RNA polymerase initiates transcription at specific DNA sequences called promoters.
Summarize the initial steps of transcription in prokaryotes
- Transcription of mRNA begins at the initiation site.
- Two promoter consensus sequences are at the -10 and -35 regions upstream of the initiation site.
- The σ subunit of RNA polymerase recognizes and binds the -35 region.
- Five subunits (α, α, β, β’, and σ) make up the complete RNA polymerase holoenzyme.

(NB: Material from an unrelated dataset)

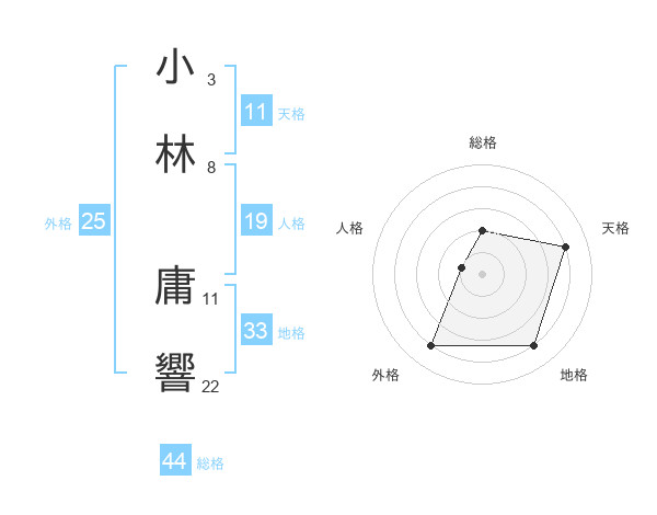 小林 庸響さんの総格は44画の2点!

- holoenzyme: a fully functioning enzyme, composed of all its subunits
- promoter: the section of DNA that controls the initiation of RNA transcription
Prokaryotic RNA Polymerase
Prokaryotes use the same RNA polymerase to transcribe all of their genes. In E. coli, the polymerase is composed of five polypeptide subunits, two of which are identical. Four of these subunits, denoted α, α, β, and β’, comprise the polymerase core enzyme. These subunits assemble each time a gene is transcribed; they disassemble once transcription is complete. Each subunit has a unique role: the two α-subunits are necessary to assemble the polymerase on the DNA; the β-subunit binds to the ribonucleoside triphosphate that will become part of the nascent “recently-born” mRNA molecule; and the β’ binds the DNA template strand. The fifth subunit, σ, is involved only in transcription initiation. It confers transcriptional specificity such that the polymerase begins to synthesize mRNA from an appropriate initiation site. Without σ, the core enzyme would transcribe from random sites and would produce mRNA molecules that specified protein gibberish. The polymerase comprised of all five subunits is called the holoenzyme.
Prokaryotic Promoters and Initiation of Transcription
The nucleotide pair in the DNA double helix that corresponds to the site from which the first 5′ mRNA nucleotide is transcribed is called the +1 site, or the initiation site. Nucleotides preceding the initiation site are given negative numbers and are designated upstream. Conversely, nucleotides following the initiation site are denoted with “+” numbering and are called downstream nucleotides.
A promoter is a DNA sequence onto which the transcription machinery binds and initiates transcription. In most cases, promoters exist upstream of the genes they regulate. The specific sequence of a promoter is very important because it determines whether the corresponding gene is transcribed all the time, some of the time, or infrequently. Although promoters vary among prokaryotic genomes, a few elements are conserved. At the -10 and -35 regions upstream of the initiation site, there are two promoter consensus sequences, or regions that are similar across all promoters and across various bacterial species. The -10 consensus sequence, called the -10 region, is TATAAT. The -35 sequence, TTGACA, is recognized and bound by σ. Once this interaction is made, the subunits of the core enzyme bind to the site. The A–T-rich -10 region facilitates unwinding of the DNA template; several phosphodiester bonds are made. The transcription initiation phase ends with the production of abortive transcripts, which are polymers of approximately 10 nucleotides that are made and released.
Promoter: The σ subunit of prokaryotic RNA polymerase recognizes consensus sequences found in the promoter region upstream of the transcription start sight. The σ subunit dissociates from the polymerase after transcription has been initiated.